I could use switch-case like this:

enum Fields
{
    Name, Gender, DateOfBirth
};
Fields field;
switch (field)
{
case Fields::Name:
    sort(patients.begin(), patients.end(), [](Patient a, Patient b) { return a.name > b.name; });
    break;

case Fields::Gender:
    sort(patients.begin(), patients.end(), [](Patient a, Patient b) { return a.gender > b.gender; });
    break;

case Fields::DateOfBirth:
    sort(patients.begin(), patients.end(), [](Patient a, Patient b) { return a.dateOfBirth > b.dateOfBirth; });
    break;

default:
    break;
}

but then it will break OCP (Open Closed Principle). I will have to come back several times to add more "case" blocks when the structure will be expanded.

Is there a better way to do this?

Answer 1

You can use another lambda to pick the field to be compared:

template <typename F>
void my_sort(auto& patients, F f) {
    sort(patients.begin(), patients.end(), [f](const Patient& a,const Patient& b) { return f(a) > f(b); });
}


my_sort(patients,[](const Patient& a) { return a.name; });

Answer 2

Because it will cause an error as lambda can use only passed variables, not local.

This is wrong. You certainly can make use of local variables in a lambda. Capturing is what the square brackets are for.

string sortfield = name;
sort(patients.begin(), patients.end(), [&sortfield](Patient a, Patient b) 
{
    if(sortfield == "name") return a.name < b.name;
    else if(sortfield == "age") return a.age < b.age;
    // ...
});

On the other hand, this approach does add a maintenance burden if the Patient class is modified. You could keep your changes localized to the class implementation if you put the switching logic in the class. (Whether you use a string or an enumeration is up to you, but keep in mind that the compiler will not catch typos in a string.)

class Patient {
  public:
    enum Fields { Name, Gender, DateOfBirth };
    // For readability:
    using CompareFunction = std::function<bool(const Patient&, const Patient&)>;

    // This is a function that returns a functional.

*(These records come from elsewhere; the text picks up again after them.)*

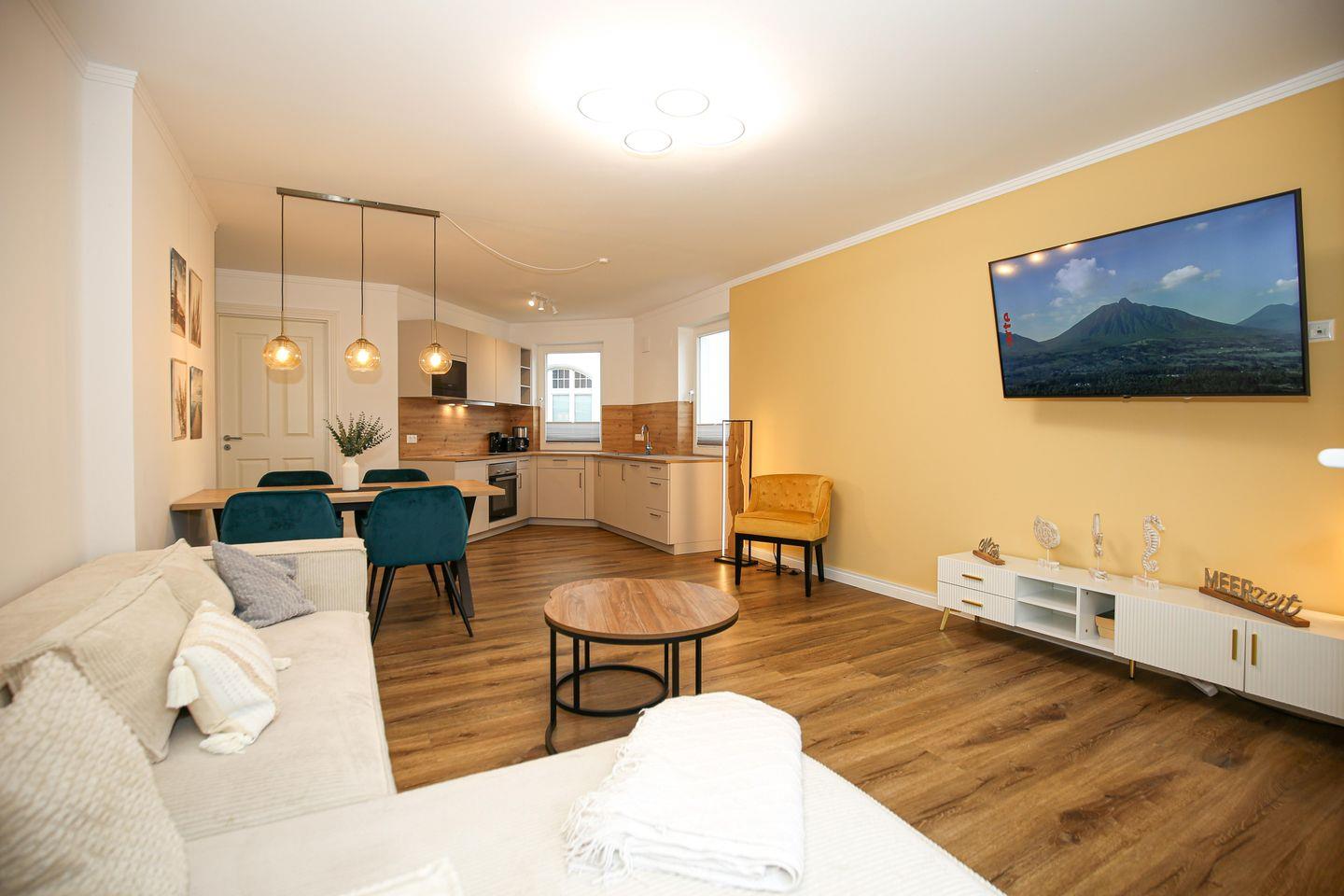Der Wohnbereich der Ferienwohnung ist für dich mit einer gemütlichen Couch und einem Flachbild-TV eingerichtet. Der Essbereich ist im Wohnbereich integriert und bietet dir Platz für gemeinsame Mahlzeiten.
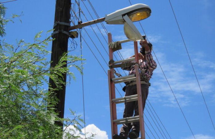 Chihuahua.- Con la finalidad de mantener funcionando el sistema de alumbrado público de la zona rural, el Gobierno Municipal ha dado mantenimiento a 320 lámparas y reflectores, además se han hecho cambios en fotoceldas, balastras y cableado de los meses de enero a junio de 2020 a través de las Direcciones de Desarrollo Rural y Mantenimiento Urbano.
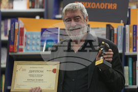 София (15 декември 2022) Престижната награда за нова българска проза „Хеликон“ бе връчена на официална церемония тази вечер. Носител е Костадин Костадинов за романа му „Ловецът на пеперуди“, (изд. „Хермес“). За наградата - паричен приз и пластика на бронзов орел - дело на скулптора и писател Евгений Кузманов се бориха 12 книги. Победителят бе обявен в книжарница „Хеликон Витоша“. На снимката: Михаил Вешим - председател на журито. Пресфото - БТА снимка: Цветомир Петров (ЕД)
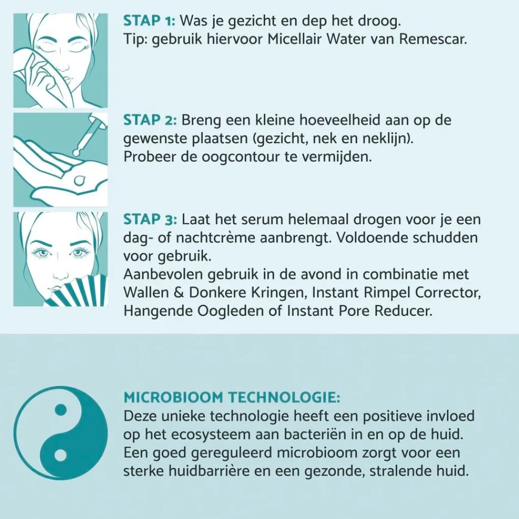 De integratie van de Microbioom Technologie in het Remescar Collageen Serum zorgt voor een gebalanceerd huidmicrobioom wat resulteert in een gezonde en stralende huid.
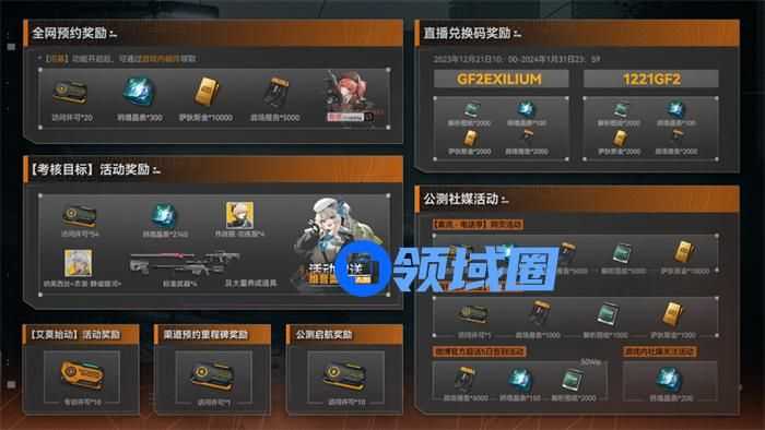 除了以上福利外,《少女前线2:追放》制作组还投送了大量公测福利活动。首先是刚刚提到的游戏全网预约奖励,预约数达成150万即可解锁全服奖励坍塌晶条x300,目前看来这个奖励是指定到手的。其次,玩家们只要关注官方微博【少女前线2-追放】和官方微信公众号【少女前线2追放】,就可获取坍塌晶条x200。
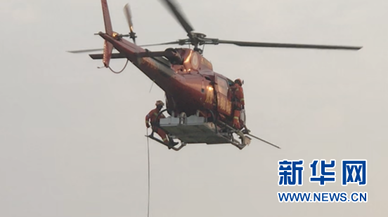直升機到達傷者受困地點,下降至距離傷者所在地面50米的位置開始懸停,消防員唐運德攜帶救援設備,依靠一根繩索,進行了垂直速降。

If you have not seen the
    // concept before, it might take some time to grasp the idea.
    static CompareFunction SortBy(Fields);

    // And the rest of the class definition
};

// Implementation:
Patient::CompareFunction Patient::SortBy(Fields field)
{
    switch (field)
    {
        // We are returning a lambda, which the sort function will invoke.
        case Name:        return [](const Patient &a, const Patient &b) { return a.name > b.name; };
        case Gender:      return [](const Patient &a, const Patient &b) { return a.gender > b.gender; };
        case DateOfBirth: return [](const Patient &a, const Patient &b) { return a.dateOfBirth > b.dateOfBirth; };
    }
    // ERROR! If we missed an enumerate, we should have the compiler complain.
    // Figure out what you want to do in this case.    
}

You will still have to update this if you want to add a new field for sorting (but not if you add a new member without the option to sort on it). However, this code is with the class implementation, so at least you do not have to hunt through your code base to find places to update.

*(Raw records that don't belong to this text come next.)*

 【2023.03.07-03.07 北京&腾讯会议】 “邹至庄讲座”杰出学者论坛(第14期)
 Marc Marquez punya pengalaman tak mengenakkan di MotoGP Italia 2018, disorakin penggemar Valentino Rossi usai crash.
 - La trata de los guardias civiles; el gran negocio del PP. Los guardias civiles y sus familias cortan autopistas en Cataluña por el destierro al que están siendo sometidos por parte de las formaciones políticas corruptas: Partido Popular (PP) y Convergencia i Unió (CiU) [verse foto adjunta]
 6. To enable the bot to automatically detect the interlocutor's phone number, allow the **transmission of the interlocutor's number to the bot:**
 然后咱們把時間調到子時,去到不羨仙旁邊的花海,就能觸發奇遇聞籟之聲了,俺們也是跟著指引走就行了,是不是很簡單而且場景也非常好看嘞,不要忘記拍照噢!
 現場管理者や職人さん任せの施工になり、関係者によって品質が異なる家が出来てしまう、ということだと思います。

To use this in your code that does the sorting:

Patient::Fields field = Patient::Name; // as an example
sort(patients.begin(), patients.end(), Patient::SortBy(field));

---

As a special case, if all the potential sort fields have the same type (not likely for patients, but possible for other situations) and public (not recommended in many scenarios), then a lambda with a pointer-to-member could be used instead of the SortBy method. The benefit of this approach is that there is no special maintenance when the class is modified. The limitation is that it is often not an option due to the restrictions (same type and public).

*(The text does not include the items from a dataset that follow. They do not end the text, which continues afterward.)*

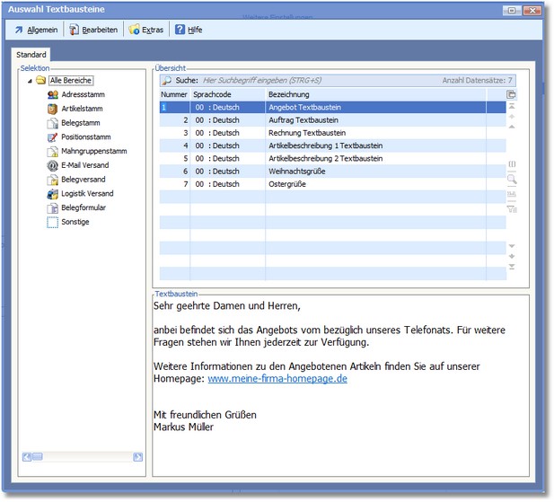 << Hier KLicken um eine Inhaltsübersicht anzuzeigen >> Navigation: OfficePlaner > Stammdaten > Basisdaten > Textbausteine |
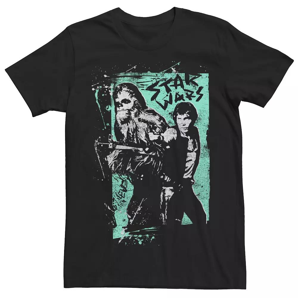 Mens Star Wars A New Hope Chewie & Han Solo Paint Splatter Tee, Men's,
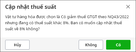 - Nhấn Không: cập nhật thuế suất là Có giảm thuế và giữ nguyên tỷ lệ thuế suất.
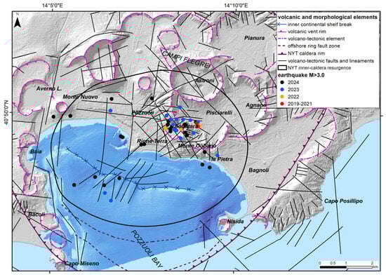 The geology of the study area is mainly characterized by volcanic units, made up of pyroclastic deposits, tuffs and ignimbrites, and by recent alluvial, colluvial, slope, and coastal deposits (Figure 1). The main volcano tectonic structure is formed by the structural rims forming the NYT caldera and more recent volcanic vents [42,53,54,55,56,57], as clearly recognized on land by morphological scarps (Quarto, Pianura, Soccavo, Posillipo, etc.) and in the Pozzuoli Bay offshore by the presence of a ring-fault system [41,42,58,59]. N–S trending fault segments, including the Bacoli and Baia faults and the Monte Nuovo fault, delimit the western inner border of the caldera; several E-W-, NW-SE-, and NE-SW- trending fault segments are present within the central resurgent area and the eastern caldera border (Figure 1). The observed crosscutting relationships indicate that the recent E-W and N-S structures overprint the NE-SW and NW-SE lineaments, which are inherited regional trends linked to the Pleistocene extensional tectonics [40,56,60,61].
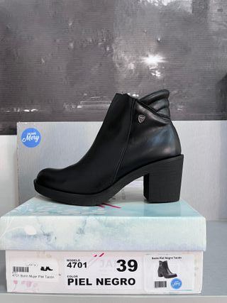 Botines de Piel Tacón Talla 39 Negros Nuevos
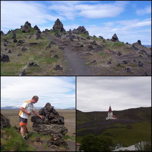 Verderop kwamen we bij Laufskalafordur, een heuveltje met allemaal steenmannetjes. Als je daar voor de eerste keer komt moet je er een steen bovenop leggen, dat brengt geluk. Dat hebben we dus maar gedaan!

std::string Patient::* field = &Patient::name;
sort(patients.begin(), patients.end(), [field](const Patient &a, const Patient &b) {
    return a.*field < b.*field;
});

I suppose the "public" restriction can be gotten around if you use pointers to member functions. The same-type restriction might still be an obstacle, and the syntax is messier.

auto field = &Patient::get_name; // assuming get_name() is the getter.
sort(patients.begin(), patients.end(), [field](const Patient &a, const Patient &b) {
    return (a.*field)() < (b.*field)();
});

At this point, the "another lambda" approach in the other answer might be preferable (on style grounds).